MS FOLLETT (Leader of the Opposition) (5.07): Mr Speaker, the Labor Party will not be opposing this Bill. The proposal to grant payroll tax exemption for employers who hire long-term unemployed is one which I believe the majority of Canberrans would agree with. My colleagues and I would certainly always support sensible reform that will improve outcomes for Canberrans, especially the more disadvantaged. I sincerely hope that this amendment to the Payroll Tax Act results in people who have been unemployed getting jobs.
There are a couple of matters to which I wish to draw members’ attention. The first of these is the danger - and it is a danger that is perhaps more perceived than real - that employers will attempt to replace existing employees with those who have been unemployed in order to attract the payroll tax advantage. If this were to occur, it would defeat the whole purpose of the proposal, and I trust that both the Commonwealth Employment Service and the ACT Government will monitor this situation very carefully.
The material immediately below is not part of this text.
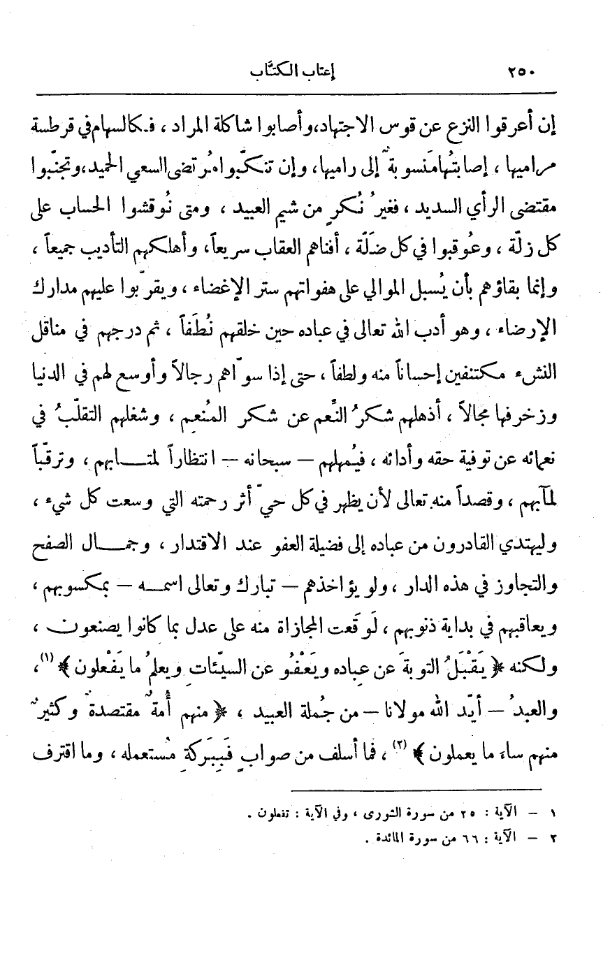 إن أعرقوا النزع عن قوس الاجتهاد، وأصابوا شاكلة المراد، فكالسهام في قرطسة مراميها، إصابتها منسوبة إلى راميها، وإن تنكبوا مرتضى السعي الحميد، وتجنبوا مقتضى الرأي السديد، فغير نكر من شيم العبيد، ومتى نوقشوا الحساب على كل زلة، وعوقبوا في كل ضلة، أفناهم العقاب سريعاً، وأهلكهم التأديب جميعاً، وإنما بقاؤهم بأن يسبل الموالي على هفواتهم ستر الإغضاء، ويقربوا عليهم مدارك الإرضاء، وهو أدب الله تعالى في عباده حين خلقهم نطفاً، ثم درجهم في مناقل النشء مكتنفين إحساناً منه ولطفاً، حتى إذا سواهم رجالاً وأوسع لهم في الدنيا وزخرفها مجالاً، أذهلهم شكر النعم عن شكر المنعم، وشغلهم التقلب في نعمائه عن توفية حقه وأدائه، فيمهلهم سبحانه انتظاراً لمتابهم، وترقباً لمآبهم، وقصداً منه تعالى لأن يظهر في كل حي أثر رحمته التي وسعت كل شيء، وليهتدي القادرون من عباده إلى فضيلة العفو عند الاقتدار، وجمال الصفح والتجاوز في هذه الدار، ولو يؤاخذهم تبارك وتعالى اسمه بمكسوبهم، ويعاقبهم في بداية ذنوبهم، لوقعت المجازاة منه على عدل بما كانوا يصنعون، ولكنه " يَقْبَلُ التوبةَ عن عِباده ويَعْفُو عن السيّئاتِ ويعلمُ ما يَفْعلون "، والعبد أيد الله مولانا من جملة العبيد، " منهم أُمةٌ مقتصدةٌ وكثيرٌ منهم ساء ما يعملون "، فما أسلف من صواب فببركة مستعمله، وما اقترف
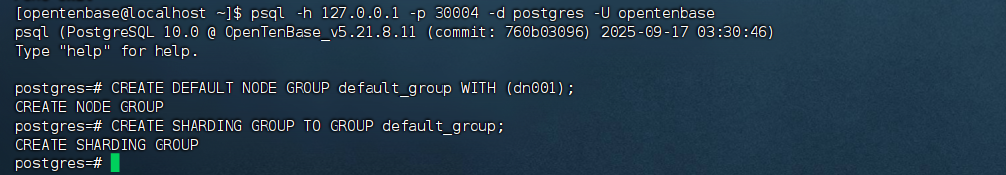 psql -h 127.0.0.1 -p 30004 -d postgres -U opentenbaseOpenTenBase使用数据节点组来增加节点管理的灵活性。需要创建一个默认组来使用,因此需要提前创建。通常,所有数据节点都会被添加到默认组中:

The other concern I have relates to what I believe is an inherent bias in the Bill, and I foreshadow that in the detail stage of debate on the Bill I will be moving an amendment to address this problem. My concern is to ensure that all long-term unemployed people are treated equally under this legislation. The amendment I will move deletes from the Government's proposal the requirement that persons must be receiving an allowance in respect of their unemployment under the Social Security Act 1991 of the Commonwealth. I believe that my amendment is required because the Government's proposed clause creates a precondition which many people will simply be unable to satisfy. Any person who is in a relationship with a wage earner will be denied the benefit proposed under this legislation because of the requirement that they must be in receipt of a social security allowance. People who are unemployed and who are living with wage earners simply are not entitled to social security in the overwhelming majority of cases. I believe that the public purse is sufficiently protected here by the requirement that people must have been registered with the Commonwealth Employment Service for at least 12 months.
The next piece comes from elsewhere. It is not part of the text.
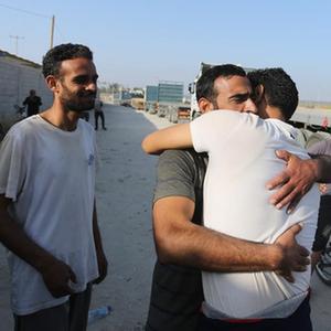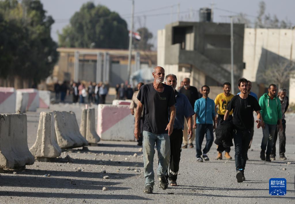 11月3日,遭以色列遣返的巴勒斯坦劳工抵达拉法口岸加沙一侧。
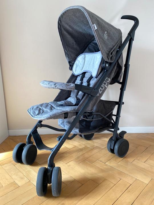 Golfový kočík je pevný a stabilný, ľahko sa skladá, je priestranný a teda má dosť miesta aj pre väčšie dieťa. Poloha chrbta sa dá nastaviť do ľahu.

However, if members do not accept the amendment I have circulated, that would mean that predominantly women and young people would be disadvantaged under this scheme. That is because women and young people are typically restricted in their access to social security benefits. Such benefits are not available where a partner or, in the case of young people, their parents are in receipt of income over a certain level. I urge members to support the amendments I am circulating in order to ensure that women and young people are also able to take the benefits of this payroll tax reform the Government is moving and are treated equally, as I believe they deserve to be.